Back in the Saddle – A New Chapter Towards UCI Gran Fondo Worlds 2027
After a long break from blogging, I’m back—with purpose.
Over the past couple of years, road cycling has quietly but profoundly reshaped my daily life. What started as a barely thought-out promise to my dad—that I’d tag along if he ever committed to riding Halvvättern instead of his usual full Vättern—has somehow evolved into a deeply motivating pursuit of endurance, structure, and self-discovery. Now, I’m taking it one big pedal stroke further: I’m officially setting my sights on qualifying for—and racing in—the UCI Gran Fondo World Championships in Haute-Savoie, France, in 2027.
This blog will document the journey: the early morning rides, the FTP breakthroughs, the gear dilemmas, and the inevitable setbacks. I’ll share what’s working, what’s not, and how I’m managing the long climb from weekend warrior to world-championship hopeful.
The Plan: Three Years of Purpose
This isn’t just about riding more. I’ve created a structured, periodized training plan that builds over three years. Here’s the overview:
2025 — The Foundation Year
- Focus: Aerobic base, strength durability, and consistent training volume.
- Cycling Goal: Raise FTP to ~225 watts.
- Running Goal: Get comfortable running
- Weekly Load: About 8–9 hours.
- Equipment: I’m staying loyal to my trusty Emonda ALR5 for now.

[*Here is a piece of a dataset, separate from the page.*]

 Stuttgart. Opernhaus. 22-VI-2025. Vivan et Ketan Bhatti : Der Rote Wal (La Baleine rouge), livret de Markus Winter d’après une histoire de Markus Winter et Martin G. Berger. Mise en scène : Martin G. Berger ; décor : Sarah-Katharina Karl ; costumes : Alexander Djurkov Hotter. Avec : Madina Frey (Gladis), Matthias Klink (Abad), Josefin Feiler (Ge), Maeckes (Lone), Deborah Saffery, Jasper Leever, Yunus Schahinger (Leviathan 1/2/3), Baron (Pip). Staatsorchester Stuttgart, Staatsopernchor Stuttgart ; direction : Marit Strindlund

2026 — The Race Fitness Year
- Events: Vätternrundan (target: under 9 hours), potentially a UCI qualifier Gran Fondo as a dress rehearsal.
- Cycling Goal: Push FTP to ~250 watts and CTL (Chronic Training Load) to ~75–80.

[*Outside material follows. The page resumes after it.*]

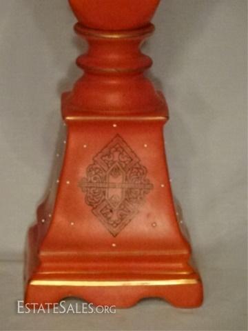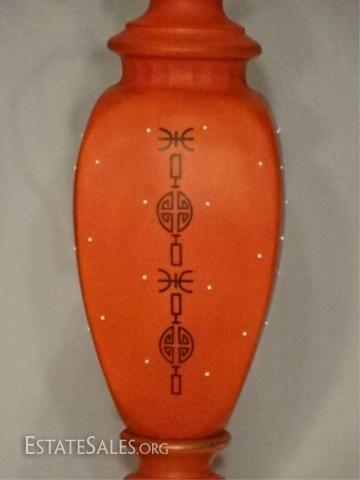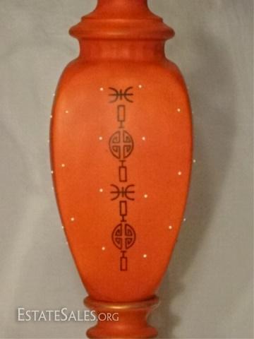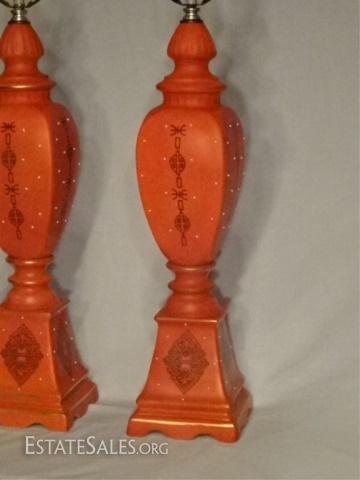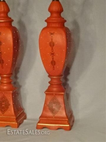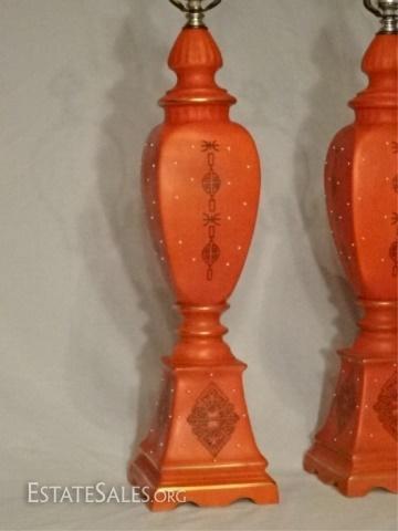 LOT 83A: PAIR MID CENTURY CERAMIC LAMPS, TANGERINE ORANGE GLAZE WITH PAINTED ACCENTS, VERY GOOD CONDITION, 35"H, SKU387.53

- Running Goal: Sub-25:00 5k.
- Upgrade: A carbon disc road bike enters the mix.
2027 — The Championship Year
- Peak Goal: Qualify for and race Haute-Savoie Worlds.
- Target FTP: 305 watts at 4.2–4.3 W/kg.
- CTL: Peaking around 85–90.
- Equipment: Optimization, not overhaul—fine-tuning fit and aerodynamics.
Training Structure: Balancing Stress with Structure
Right now, I’m in the “Base 1” phase. Weekly training includes:
- Zone 2 endurance rides to build aerobic capacity.
- Strength training twice a week.
- Introductory running sessions to establish consistency.
- Long rides over the summer weekends.
Why Write This?
I need this blog. Not for motivation—though that’s a nice side effect—but for clarity. Writing keeps me honest, curious, and grounded. It lets me connect the dots between physical output and mental focus, between the data and the story.
So here we go. Three years. One goal. A lot of sweat, spreadsheets, and maybe a few smashed PRs along the way.